▸ Data excerpt
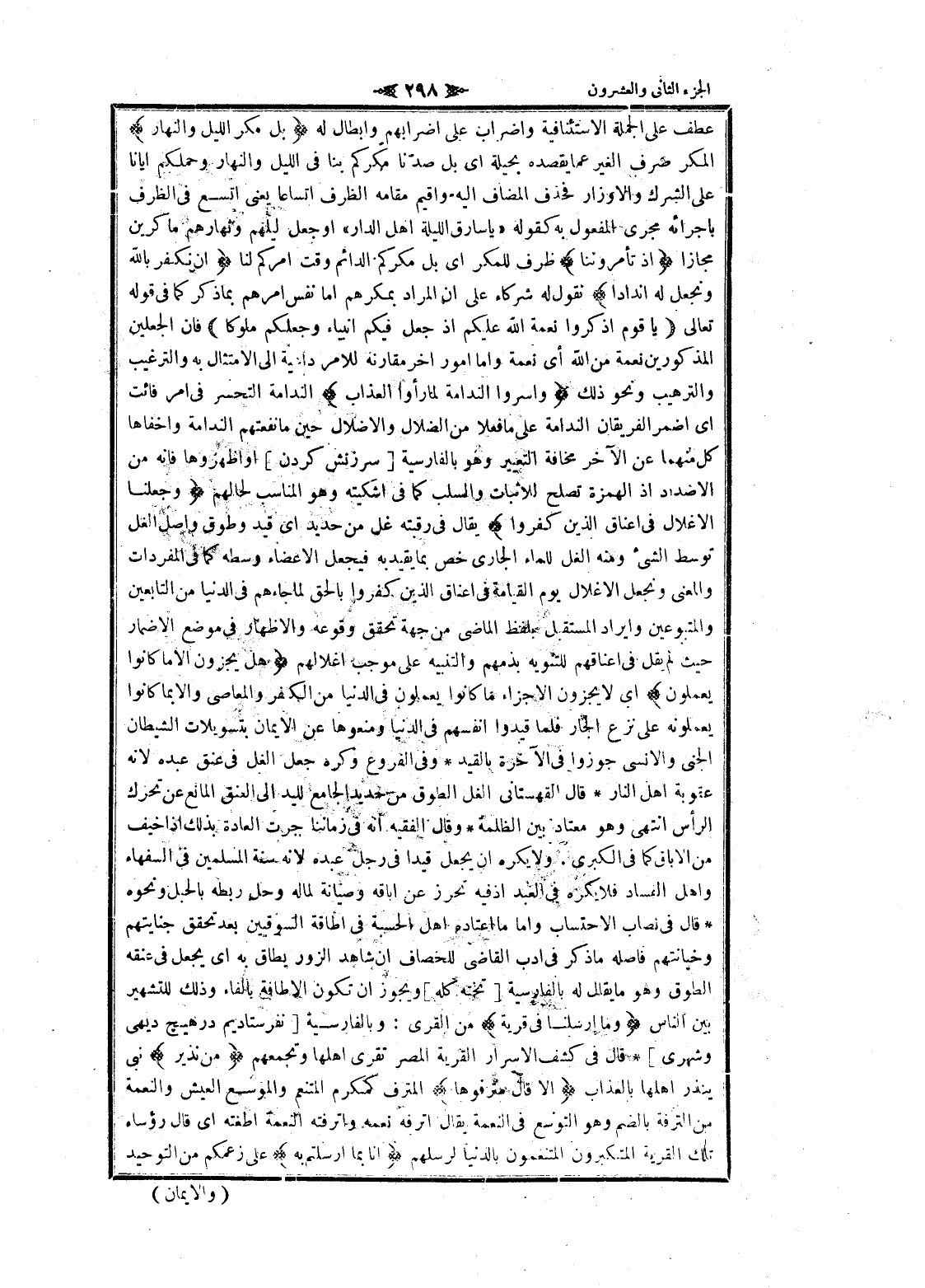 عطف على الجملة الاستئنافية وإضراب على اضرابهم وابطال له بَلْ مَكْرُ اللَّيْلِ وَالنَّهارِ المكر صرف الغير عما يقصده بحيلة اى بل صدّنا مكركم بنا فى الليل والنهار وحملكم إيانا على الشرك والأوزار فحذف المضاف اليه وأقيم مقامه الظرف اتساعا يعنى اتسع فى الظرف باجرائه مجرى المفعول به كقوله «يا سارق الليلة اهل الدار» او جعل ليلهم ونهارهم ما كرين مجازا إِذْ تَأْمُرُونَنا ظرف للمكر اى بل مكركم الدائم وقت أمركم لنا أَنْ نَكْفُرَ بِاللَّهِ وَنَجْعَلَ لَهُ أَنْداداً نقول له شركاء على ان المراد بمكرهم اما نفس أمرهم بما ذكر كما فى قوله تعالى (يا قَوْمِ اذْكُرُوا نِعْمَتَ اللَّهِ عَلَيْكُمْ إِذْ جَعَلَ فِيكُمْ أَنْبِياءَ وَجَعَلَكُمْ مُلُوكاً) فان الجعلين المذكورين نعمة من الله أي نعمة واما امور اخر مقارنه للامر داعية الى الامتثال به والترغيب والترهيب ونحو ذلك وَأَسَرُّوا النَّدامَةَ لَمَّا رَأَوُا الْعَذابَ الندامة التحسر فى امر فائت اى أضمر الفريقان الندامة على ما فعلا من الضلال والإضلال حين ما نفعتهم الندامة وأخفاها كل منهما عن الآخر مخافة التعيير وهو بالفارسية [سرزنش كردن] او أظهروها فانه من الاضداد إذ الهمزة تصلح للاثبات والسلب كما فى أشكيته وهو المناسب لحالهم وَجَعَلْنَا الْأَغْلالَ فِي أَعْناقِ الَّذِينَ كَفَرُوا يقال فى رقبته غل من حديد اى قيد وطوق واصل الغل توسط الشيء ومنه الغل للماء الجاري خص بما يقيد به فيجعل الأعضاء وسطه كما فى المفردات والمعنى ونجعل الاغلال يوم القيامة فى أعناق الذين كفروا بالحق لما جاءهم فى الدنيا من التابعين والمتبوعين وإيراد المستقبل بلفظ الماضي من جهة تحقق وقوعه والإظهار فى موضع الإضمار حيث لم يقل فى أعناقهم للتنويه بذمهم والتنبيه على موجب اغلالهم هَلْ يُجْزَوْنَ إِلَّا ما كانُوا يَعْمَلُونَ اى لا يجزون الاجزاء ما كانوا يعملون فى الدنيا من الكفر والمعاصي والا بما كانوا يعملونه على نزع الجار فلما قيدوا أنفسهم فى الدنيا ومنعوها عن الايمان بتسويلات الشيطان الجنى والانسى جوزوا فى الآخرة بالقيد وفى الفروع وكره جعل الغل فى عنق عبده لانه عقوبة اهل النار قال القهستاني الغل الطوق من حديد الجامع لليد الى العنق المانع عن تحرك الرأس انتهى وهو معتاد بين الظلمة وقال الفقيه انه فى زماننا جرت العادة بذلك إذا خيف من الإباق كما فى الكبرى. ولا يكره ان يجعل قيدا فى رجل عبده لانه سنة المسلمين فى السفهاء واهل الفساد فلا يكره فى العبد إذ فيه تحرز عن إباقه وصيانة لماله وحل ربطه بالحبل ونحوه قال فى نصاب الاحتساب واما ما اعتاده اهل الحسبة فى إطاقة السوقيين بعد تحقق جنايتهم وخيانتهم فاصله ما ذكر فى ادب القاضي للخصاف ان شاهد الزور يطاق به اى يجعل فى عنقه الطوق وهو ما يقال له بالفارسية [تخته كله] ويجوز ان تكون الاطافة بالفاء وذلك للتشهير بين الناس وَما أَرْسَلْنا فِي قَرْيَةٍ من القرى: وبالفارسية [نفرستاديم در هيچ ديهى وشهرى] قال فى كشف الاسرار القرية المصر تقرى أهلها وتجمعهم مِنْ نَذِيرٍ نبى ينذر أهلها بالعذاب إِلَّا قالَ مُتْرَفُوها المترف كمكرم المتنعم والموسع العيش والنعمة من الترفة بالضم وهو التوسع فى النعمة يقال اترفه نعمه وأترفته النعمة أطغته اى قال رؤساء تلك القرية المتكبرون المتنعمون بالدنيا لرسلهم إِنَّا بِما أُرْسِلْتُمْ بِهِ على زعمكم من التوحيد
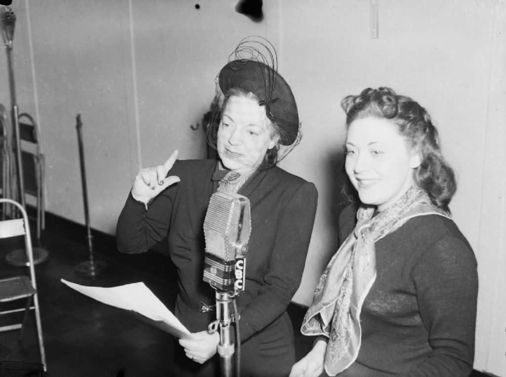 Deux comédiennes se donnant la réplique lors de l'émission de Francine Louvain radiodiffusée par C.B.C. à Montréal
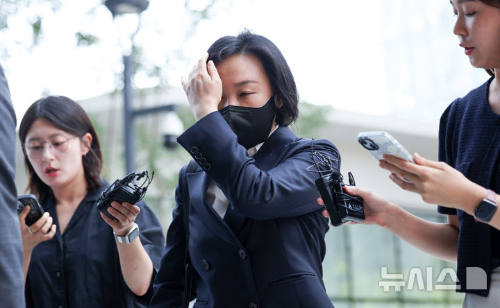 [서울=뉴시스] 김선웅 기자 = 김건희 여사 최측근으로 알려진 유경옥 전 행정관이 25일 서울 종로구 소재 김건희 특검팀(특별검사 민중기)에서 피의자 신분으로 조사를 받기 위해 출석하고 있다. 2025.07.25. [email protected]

▸ Task instructions
Skipping any images, write out all the data exactly.

▸ Exercise response
 عطف على الجملة الاستئنافية وإضراب على اضرابهم وابطال له بَلْ مَكْرُ اللَّيْلِ وَالنَّهارِ المكر صرف الغير عما يقصده بحيلة اى بل صدّنا مكركم بنا فى الليل والنهار وحملكم إيانا على الشرك والأوزار فحذف المضاف اليه وأقيم مقامه الظرف اتساعا يعنى اتسع فى الظرف باجرائه مجرى المفعول به كقوله «يا سارق الليلة اهل الدار» او جعل ليلهم ونهارهم ما كرين مجازا إِذْ تَأْمُرُونَنا ظرف للمكر اى بل مكركم الدائم وقت أمركم لنا أَنْ نَكْفُرَ بِاللَّهِ وَنَجْعَلَ لَهُ أَنْداداً نقول له شركاء على ان المراد بمكرهم اما نفس أمرهم بما ذكر كما فى قوله تعالى (يا قَوْمِ اذْكُرُوا نِعْمَتَ اللَّهِ عَلَيْكُمْ إِذْ جَعَلَ فِيكُمْ أَنْبِياءَ وَجَعَلَكُمْ مُلُوكاً) فان الجعلين المذكورين نعمة من الله أي نعمة واما امور اخر مقارنه للامر داعية الى الامتثال به والترغيب والترهيب ونحو ذلك وَأَسَرُّوا النَّدامَةَ لَمَّا رَأَوُا الْعَذابَ الندامة التحسر فى امر فائت اى أضمر الفريقان الندامة على ما فعلا من الضلال والإضلال حين ما نفعتهم الندامة وأخفاها كل منهما عن الآخر مخافة التعيير وهو بالفارسية [سرزنش كردن] او أظهروها فانه من الاضداد إذ الهمزة تصلح للاثبات والسلب كما فى أشكيته وهو المناسب لحالهم وَجَعَلْنَا الْأَغْلالَ فِي أَعْناقِ الَّذِينَ كَفَرُوا يقال فى رقبته غل من حديد اى قيد وطوق واصل الغل توسط الشيء ومنه الغل للماء الجاري خص بما يقيد به فيجعل الأعضاء وسطه كما فى المفردات والمعنى ونجعل الاغلال يوم القيامة فى أعناق الذين كفروا بالحق لما جاءهم فى الدنيا من التابعين والمتبوعين وإيراد المستقبل بلفظ الماضي من جهة تحقق وقوعه والإظهار فى موضع الإضمار حيث لم يقل فى أعناقهم للتنويه بذمهم والتنبيه على موجب اغلالهم هَلْ يُجْزَوْنَ إِلَّا ما كانُوا يَعْمَلُونَ اى لا يجزون الاجزاء ما كانوا يعملون فى الدنيا من الكفر والمعاصي والا بما كانوا يعملونه على نزع الجار فلما قيدوا أنفسهم فى الدنيا ومنعوها عن الايمان بتسويلات الشيطان الجنى والانسى جوزوا فى الآخرة بالقيد وفى الفروع وكره جعل الغل فى عنق عبده لانه عقوبة اهل النار قال القهستاني الغل الطوق من حديد الجامع لليد الى العنق المانع عن تحرك الرأس انتهى وهو معتاد بين الظلمة وقال الفقيه انه فى زماننا جرت العادة بذلك إذا خيف من الإباق كما فى الكبرى. ولا يكره ان يجعل قيدا فى رجل عبده لانه سنة المسلمين فى السفهاء واهل الفساد فلا يكره فى العبد إذ فيه تحرز عن إباقه وصيانة لماله وحل ربطه بالحبل ونحوه قال فى نصاب الاحتساب واما ما اعتاده اهل الحسبة فى إطاقة السوقيين بعد تحقق جنايتهم وخيانتهم فاصله ما ذكر فى ادب القاضي للخصاف ان شاهد الزور يطاق به اى يجعل فى عنقه الطوق وهو ما يقال له بالفارسية [تخته كله] ويجوز ان تكون الاطافة بالفاء وذلك للتشهير بين الناس وَما أَرْسَلْنا فِي قَرْيَةٍ من القرى: وبالفارسية [نفرستاديم در هيچ ديهى وشهرى] قال فى كشف الاسرار القرية المصر تقرى أهلها وتجمعهم مِنْ نَذِيرٍ نبى ينذر أهلها بالعذاب إِلَّا قالَ مُتْرَفُوها المترف كمكرم المتنعم والموسع العيش والنعمة من الترفة بالضم وهو التوسع فى النعمة يقال اترفه نعمه وأترفته النعمة أطغته اى قال رؤساء تلك القرية المتكبرون المتنعمون بالدنيا لرسلهم إِنَّا بِما أُرْسِلْتُمْ بِهِ على زعمكم من التوحيد
 Deux comédiennes se donnant la réplique lors de l'émission de Francine Louvain radiodiffusée par C.B.C. à Montréal
 [서울=뉴시스] 김선웅 기자 = 김건희 여사 최측근으로 알려진 유경옥 전 행정관이 25일 서울 종로구 소재 김건희 특검팀(특별검사 민중기)에서 피의자 신분으로 조사를 받기 위해 출석하고 있다. 2025.07.25. [email protected]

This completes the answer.